Artist

Satan

Genre: Metal ,Heavy Metal ,New Wave of British Heavy Metal ,Speed/Thrash Metal
Origin: U.S.A
Listen on Coda
Among the New Wave of British Heavy Metal groups, few histories prove as tangled as that of the outfit best known as Satan. The musicians repeatedly altered their identity—Blind Fury and Pariah represent merely two of the temporary designations chosen whenever the members believed their original title hindered commercial prospects—and their path continually crossed those of other North East ensembles, particularly Blitzkrieg and Skyclad.

Toward the close of 1980 in Newcastle, England, vocalist Trevor Robinson, guitarists Steve Ramsey and Russ Tippins, bassist Graeme English, and drummer Andy Reed formed a reasonably stable unit that would eventually adopt the Satan name. Independent label Guardian Records issued the band’s debut single, the soon-to-be-collectable “Kiss of Death,” in the opening months of 1982. After drummer Sean Taylor joined and the group cycled through replacement singers, first Ian Swift and then the more seasoned Brian Ross (ex-Blitzkrieg), work commenced on a debut album. The intensely heavy, near-thrash Court in the Act appeared in January 1984 via Neat Records and received largely favorable notices. A well-received European tour followed, yet momentum faltered when Ross departed shortly after returning home to revive Blitzkrieg.

Former Blind Fury frontman Lou Taylor, previously of Kevin Heybourne’s post-Angel Witch project, stepped in, but his assertive influence prompted the band to adopt the Blind Fury moniker, generating fan confusion and severing continuity with the recently issued Court in the Act. Taylor also urged a stylistic softening, resulting in the more hard-rock-oriented Out of Reach, issued by the fledgling Roadrunner label in 1985. Its weak sales swiftly prompted second thoughts about both the musical shift and the name change, leading to Taylor’s dismissal and a swift reversion to Satan.

Signing with Germany’s Steamhammer imprint, the band recruited vocalist Michael Jackson (distinct from the pop icon) and returned to heavier material, first with the 1986 Into the Future EP and then the 1987 near-return to form Suspended Sentence.
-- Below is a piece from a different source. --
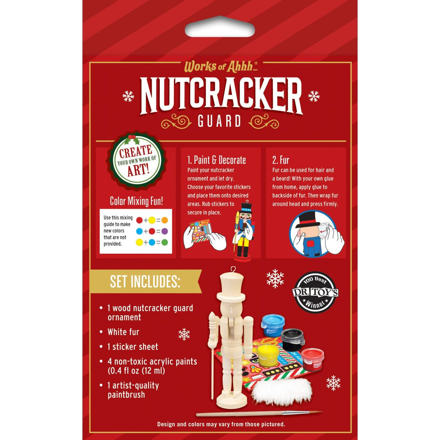 Discover the joy of creativity with the Works of Ahhh... Nutcracker Guard Ornament - Holiday Mini Paint Kit. This delightful nutcracker craft kit is perfect for kids who love art and the holiday season. Made from real wood, this paintable nutcracker ornament set includes everything needed to create a stunning piece of art. The kit features a 5" tall wooden nutcracker ornament, adorned with white fur, and comes with a sticker sheet, four non-toxic acrylic paint tubs, and an artist-quality paintbrush. Ideal for DIY enthusiasts, this mini nutcracker ornament kit allows children to paint their own nutcracker, fostering creativity and fine motor skills. The nutcracker measures approximately 5" tall, 1.6" wide, and 1.3" deep, making it a charming addition to any Christmas decor. Whether you're looking for small nutcracker ornaments to decorate your tree or a unique gift for an art-loving child, this unfinished nutcracker kit is the perfect choice. Embrace the holiday spirit with this versatile and engaging nutcracker ornament, designed to inspire and delight.

Both releases performed more strongly on the Continent, where the group toured with Running Wild that year, than in the U.K., underscoring a broader geographic realignment in heavy metal audiences that likewise affected contemporaries Savage and Jaguar. By this point Satan’s prospects appeared limited, and the musicians once again discarded their name in favor of the seemingly more flexible Pariah. That incarnation recorded three albums before several members later joined the avant-folk-thrash collective Skyclad.

Satan resurfaced for a single 2004 performance at Germany’s Wacken Open Air festival, yet nearly a decade passed before the group reentered the studio. Life Sentence, their third official full-length, arrived in 2013 on Listenable Records and was supported by North and South American dates. The following year the musicians recorded their fourth album, Atom by Atom, which surfaced in autumn 2015. In April 2018 Satan announced their signing to Metal Blade Records and immediately resumed studio work. That June they revealed a September release for Cruel Magic, engineered and mixed by Dave Curle and Dario Mollo. To preview the ten-track set, the band issued a video for the lead single “The Doomsday Clock” and scheduled an American tour.